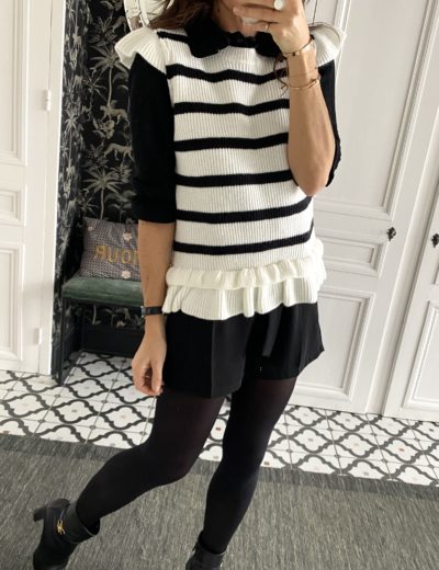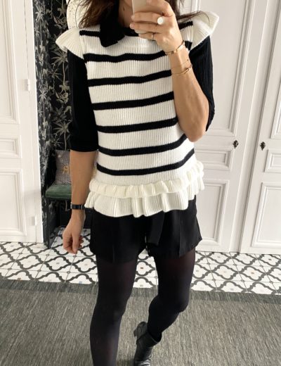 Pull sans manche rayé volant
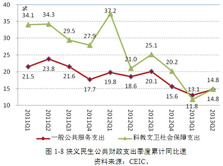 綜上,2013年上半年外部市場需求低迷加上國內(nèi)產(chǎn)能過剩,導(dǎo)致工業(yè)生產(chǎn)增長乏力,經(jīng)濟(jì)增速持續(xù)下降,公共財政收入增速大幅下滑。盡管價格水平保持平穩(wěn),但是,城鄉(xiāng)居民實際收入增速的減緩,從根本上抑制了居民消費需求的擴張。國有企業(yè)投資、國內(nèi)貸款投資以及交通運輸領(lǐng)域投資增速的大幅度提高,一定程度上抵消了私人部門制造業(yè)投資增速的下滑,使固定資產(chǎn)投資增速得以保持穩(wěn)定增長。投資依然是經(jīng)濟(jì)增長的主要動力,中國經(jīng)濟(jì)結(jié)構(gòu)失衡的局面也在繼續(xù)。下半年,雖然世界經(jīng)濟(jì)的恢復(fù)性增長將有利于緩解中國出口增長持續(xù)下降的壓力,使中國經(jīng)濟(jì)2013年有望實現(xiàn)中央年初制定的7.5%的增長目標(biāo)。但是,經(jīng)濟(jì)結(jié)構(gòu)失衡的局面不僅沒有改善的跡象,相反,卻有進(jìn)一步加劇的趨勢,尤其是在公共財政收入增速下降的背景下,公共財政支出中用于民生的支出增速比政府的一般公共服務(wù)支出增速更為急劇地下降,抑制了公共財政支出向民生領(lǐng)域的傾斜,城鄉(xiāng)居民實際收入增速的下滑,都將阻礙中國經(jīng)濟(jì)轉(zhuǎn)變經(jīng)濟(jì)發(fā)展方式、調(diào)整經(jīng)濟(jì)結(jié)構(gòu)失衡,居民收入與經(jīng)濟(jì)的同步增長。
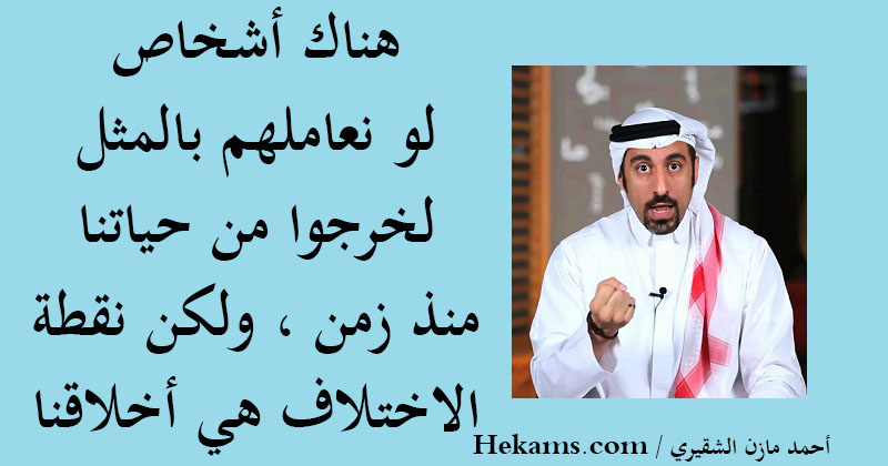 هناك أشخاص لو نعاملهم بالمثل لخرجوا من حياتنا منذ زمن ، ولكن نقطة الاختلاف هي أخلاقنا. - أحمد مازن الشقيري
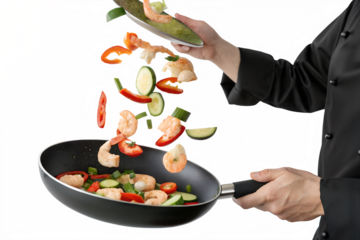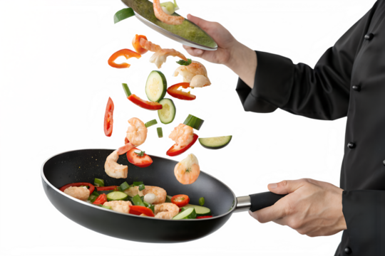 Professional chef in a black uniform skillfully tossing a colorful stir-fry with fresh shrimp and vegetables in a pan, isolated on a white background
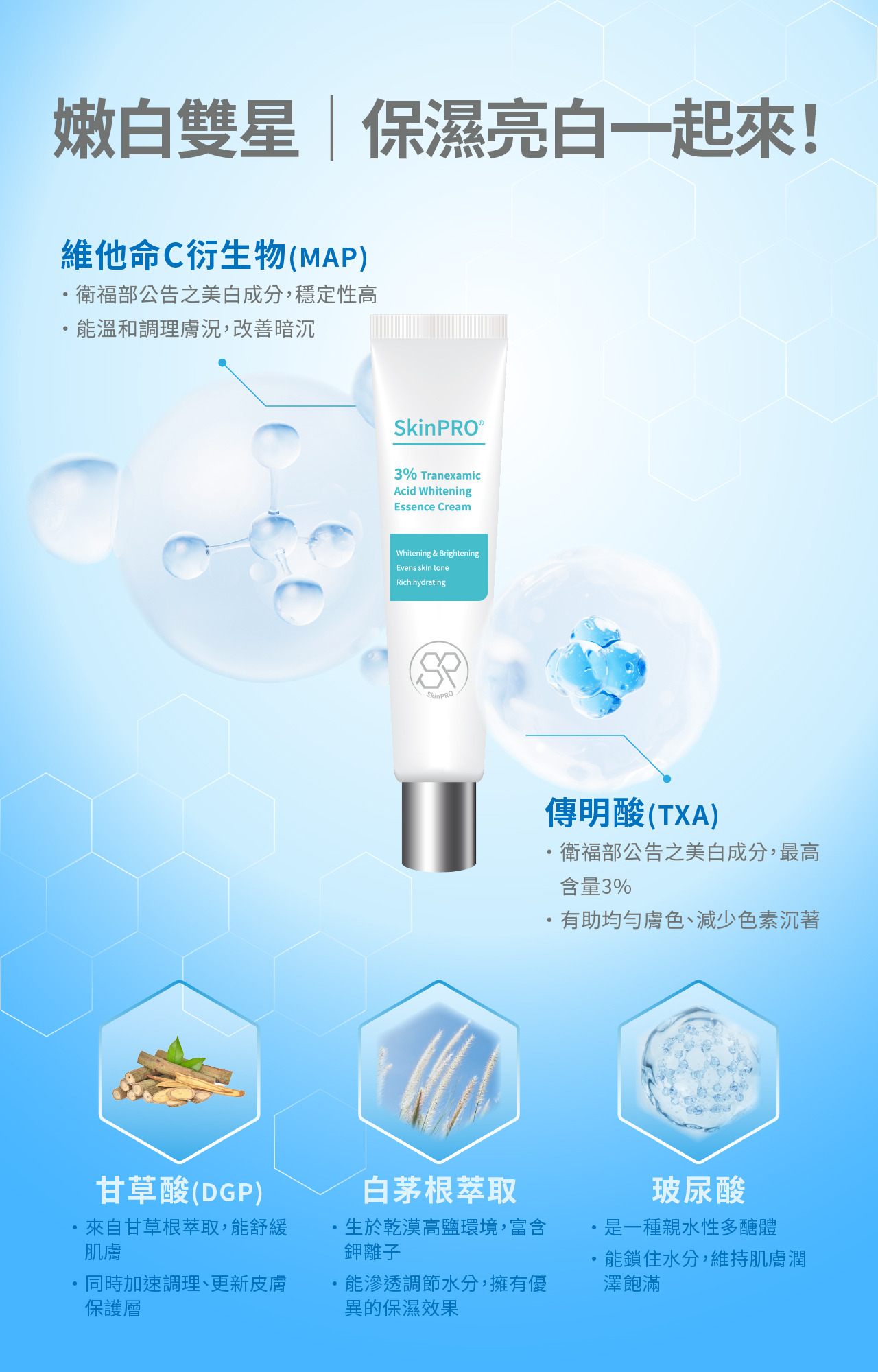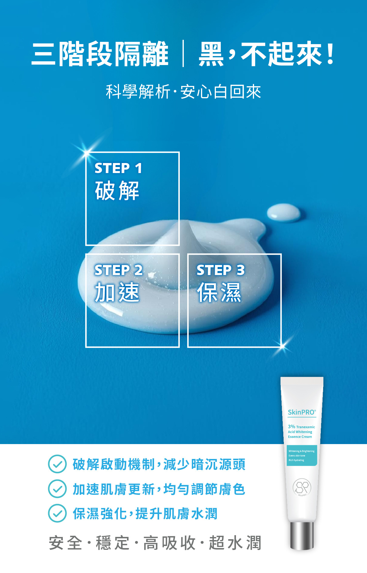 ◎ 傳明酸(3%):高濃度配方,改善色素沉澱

===

All entries above, minus the pictures, should be repeated exactly.

 Pull sans manche rayé volant
 綜上,2013年上半年外部市場需求低迷加上國內(nèi)產(chǎn)能過剩,導(dǎo)致工業(yè)生產(chǎn)增長乏力,經(jīng)濟(jì)增速持續(xù)下降,公共財政收入增速大幅下滑。盡管價格水平保持平穩(wěn),但是,城鄉(xiāng)居民實際收入增速的減緩,從根本上抑制了居民消費需求的擴張。國有企業(yè)投資、國內(nèi)貸款投資以及交通運輸領(lǐng)域投資增速的大幅度提高,一定程度上抵消了私人部門制造業(yè)投資增速的下滑,使固定資產(chǎn)投資增速得以保持穩(wěn)定增長。投資依然是經(jīng)濟(jì)增長的主要動力,中國經(jīng)濟(jì)結(jié)構(gòu)失衡的局面也在繼續(xù)。下半年,雖然世界經(jīng)濟(jì)的恢復(fù)性增長將有利于緩解中國出口增長持續(xù)下降的壓力,使中國經(jīng)濟(jì)2013年有望實現(xiàn)中央年初制定的7.5%的增長目標(biāo)。但是,經(jīng)濟(jì)結(jié)構(gòu)失衡的局面不僅沒有改善的跡象,相反,卻有進(jìn)一步加劇的趨勢,尤其是在公共財政收入增速下降的背景下,公共財政支出中用于民生的支出增速比政府的一般公共服務(wù)支出增速更為急劇地下降,抑制了公共財政支出向民生領(lǐng)域的傾斜,城鄉(xiāng)居民實際收入增速的下滑,都將阻礙中國經(jīng)濟(jì)轉(zhuǎn)變經(jīng)濟(jì)發(fā)展方式、調(diào)整經(jīng)濟(jì)結(jié)構(gòu)失衡,居民收入與經(jīng)濟(jì)的同步增長。
 هناك أشخاص لو نعاملهم بالمثل لخرجوا من حياتنا منذ زمن ، ولكن نقطة الاختلاف هي أخلاقنا. - أحمد مازن الشقيري
 Professional chef in a black uniform skillfully tossing a colorful stir-fry with fresh shrimp and vegetables in a pan, isolated on a white background
 ◎ 傳明酸(3%):高濃度配方,改善色素沉澱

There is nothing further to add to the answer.